■ **Work to be completed**:
Please set down the data again exactly, minus the pictures.

■ **Provided material**:
[Start of section]
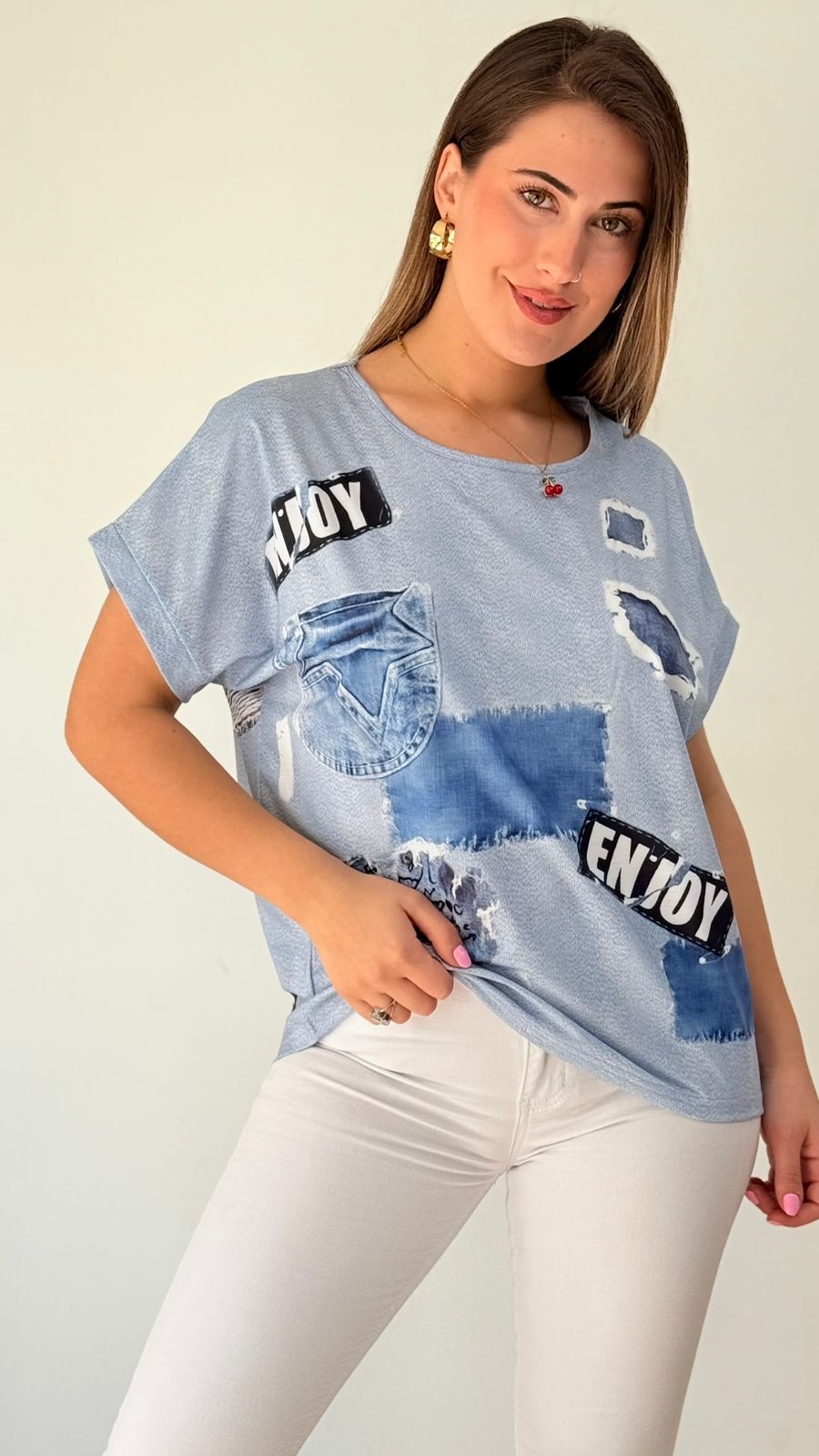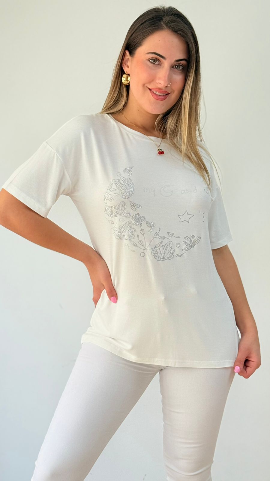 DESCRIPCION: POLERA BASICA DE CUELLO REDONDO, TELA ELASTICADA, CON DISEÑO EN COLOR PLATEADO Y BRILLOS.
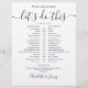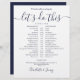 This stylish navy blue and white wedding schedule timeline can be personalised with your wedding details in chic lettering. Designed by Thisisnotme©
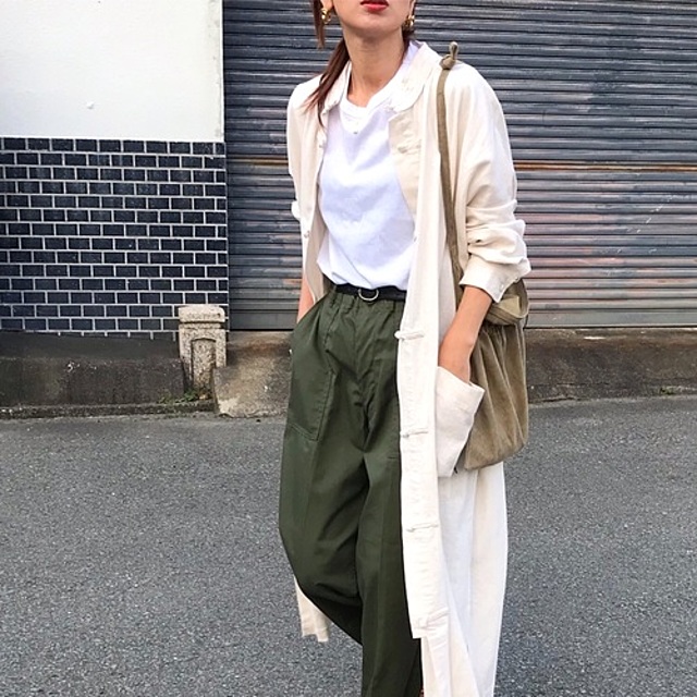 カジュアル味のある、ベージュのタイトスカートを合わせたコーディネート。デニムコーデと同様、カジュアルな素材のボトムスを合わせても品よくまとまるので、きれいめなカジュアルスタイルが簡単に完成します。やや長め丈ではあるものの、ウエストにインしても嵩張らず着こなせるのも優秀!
[End of section]
■ **Result of the exercise**:
 DESCRIPCION: POLERA BASICA DE CUELLO REDONDO, TELA ELASTICADA, CON DISEÑO EN COLOR PLATEADO Y BRILLOS.
 This stylish navy blue and white wedding schedule timeline can be personalised with your wedding details in chic lettering. Designed by Thisisnotme©
 カジュアル味のある、ベージュのタイトスカートを合わせたコーディネート。デニムコーデと同様、カジュアルな素材のボトムスを合わせても品よくまとまるので、きれいめなカジュアルスタイルが簡単に完成します。やや長め丈ではあるものの、ウエストにインしても嵩張らず着こなせるのも優秀!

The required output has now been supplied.